Third and last, the machine-learning architecture must be determined. This step involves the choice of the kind of algorithm/model to use, which, in this work, is a layer-recurrent neural network. This architecture features both a strongly non-linear and dynamic response capability with the inherent advantages related to the training algorithms used in neural networks which can be generalized easily in case of non-uniformly time-spaced data.
Once the forecasting model is determined and trained it is used to create forecasted time-series of the same length (through initial padding) of the original data. The resulting data frame features columns of the real, measured quantities aligned with the 24-h prior forecasts of the same quantities.
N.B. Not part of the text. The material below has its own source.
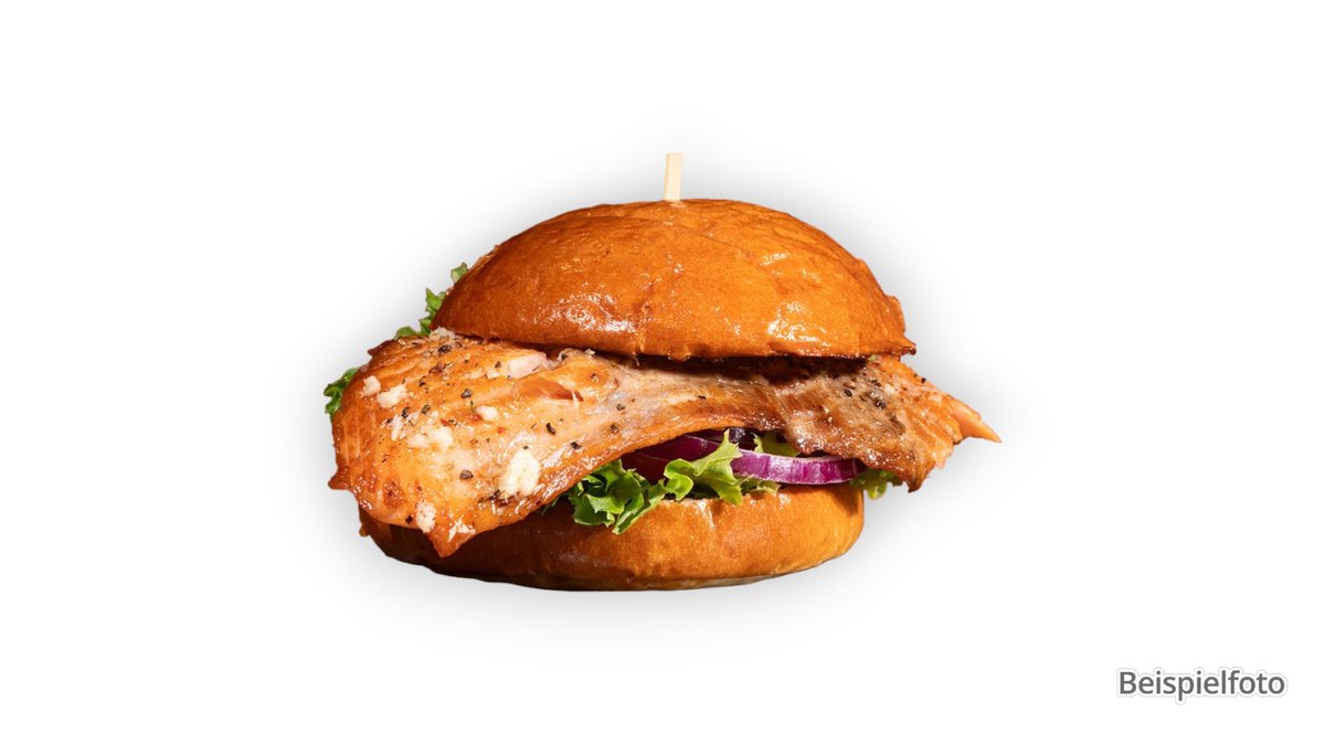 zartes Lachsfilet gebraten, Gurke, Tomate, Zwiebeln, Salat, Cola-Soße, Steak Pommes frites und Knobidip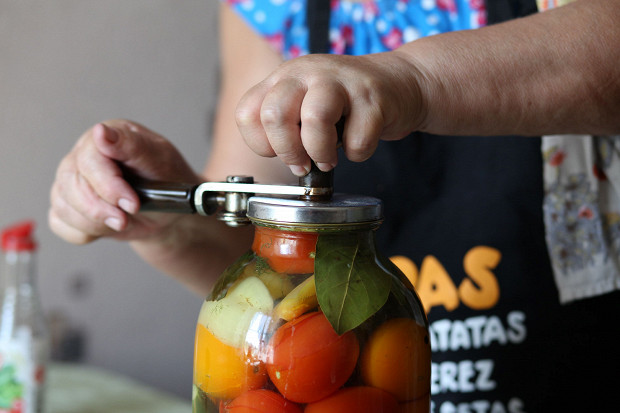 Теперь закатка — самый ответственный момент. Прижимаешь плотно машинку к банке и закатываешь, пока не почувствуешь, что уже все, дело готово.

3.5. Trend-Seasonality-Residual Test

A test based on a TSR decomposition is at the base of any autoregressive integrated moving average (ARIMA) model. Time-series forecasting by the means of a neural network can be seen as a non-linear extension (with exogenous inputs) of an ARIMA forecasting. With TSR decomposition, data is split in three time-series with the same length of the original dataset. The only parameter used for the test is the seasonality window. The first component is the trend, which is obtained by using a moving-average filter on the data with window length equal to the seasonality window, and by applying suitable padding on the edges of the vectors to maintain the same length after convolution. The second is the seasonality itself, which is obtained by dividing the de-trended data in time-windows of length equal to the seasonality window and taking the sample-wise average of every window. The resulting average is then repeated to create a vector of the same length of the original data vector. The last is the residual, which is obtained by the difference between the original data and the product between the trend vector and the seasonality vector. An example of the TSR decomposition with a seasonality window size of 24 h is shown in Figure 2. The purpose of applying the TSR decomposition to each component of the dataset is to understand the best sequence-length to be used in the forecasting. Decomposing the series with a too-short seasonality window places the burden of reconstructing the time series on the trend (up to a point where the seasonality is, in general, a constant value). Decomposing the series with a too-long seasonality window raises the residual, leading to seasonality vectors with very little informative content.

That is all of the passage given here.